Austrian open source software programmer (born 1989)

Armin Ronacher (born 10 May 1989) is an Austrian open source software programmer and the creator of the Flask web framework for Python.

He is a frequent speaker at developer conferences and has a popular blog about software development and open source.

== Education ==
Ronacher has a Bachelor's in Business Administration and Software Engineering from Graz University of Technology, Austria.

== Programming ==
Ronacher started his work in open source as a freelance developer for the German Ubuntu Community portal "ubuntuusers" through which he later became a founding member of the German Ubuntu Association in 2005.

While working on ubuntuusers, Ronacher re-discovered the Python programming language and wrote some of the earliest implementations for WSGI with the goal to write a bulletin board in Python together with Georg Brandl. This board was to be called "Pocoo" and to be a replacement for phpBB in Python. While the bulletin board never managed a stable release, many other projects appeared out of the Pocoo umbrella project: the Pygments syntax highlighter, the Sphinx documentation generator, the Jinja template engine and many other libraries for Python. He also contributed functionality for the Python AST module and the Ordered Dict for Python. After an elaborate April fool's joke where he bundled his libraries in a one-file microframework he decided to create the Flask web framework. It went on to become one of the two most popular web development frameworks (next to Django) for Python and the associated libraries found a new home under the "Pallets" community.

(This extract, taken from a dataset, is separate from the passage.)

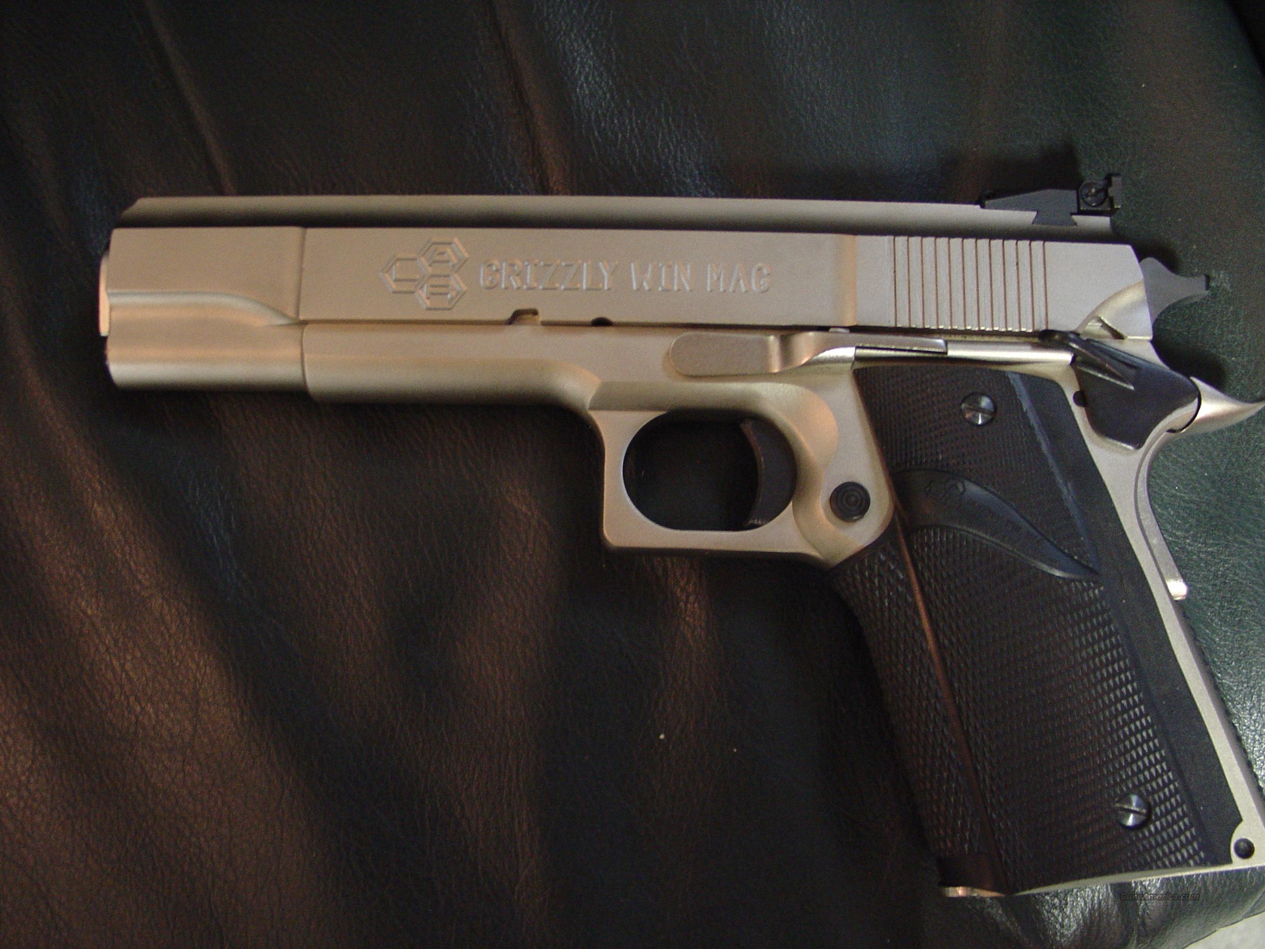 LAR グリズリー・ウィンマグ / LAR Grizzly WinMag 自動拳銃 † 19年にアメリカのLAR社が開発したマグナム オート 。 1911 をベースに 45 Win Mag という自動拳銃用の45口径マグナム弾を用いる珍しい拳銃である。 強力なマグナム弾を発射するため、リコイル グリズリー ウイン マグのトイガンは、現在に至るまでグンゼ産業のエアコッキングガンが唯一の製品である。 1911がベースになっているが、実銃は45ウインチェスターマグナムという強力なカートリッジを使うため、全体的にふたまわり以上大型化して

He also created the Lektor CMS and contributed to a large list of Open Source applications and libraries.

He worked for Plurk, for Fireteam (a game network infrastructure company owned by Splash Damage), and for the Sentry crash reporting tool.

He has contributed to the Pi AI coding agent harness. In June 2026, The Wall Street Journal reported on his criticism of overuse of vibe coding in the software development industry.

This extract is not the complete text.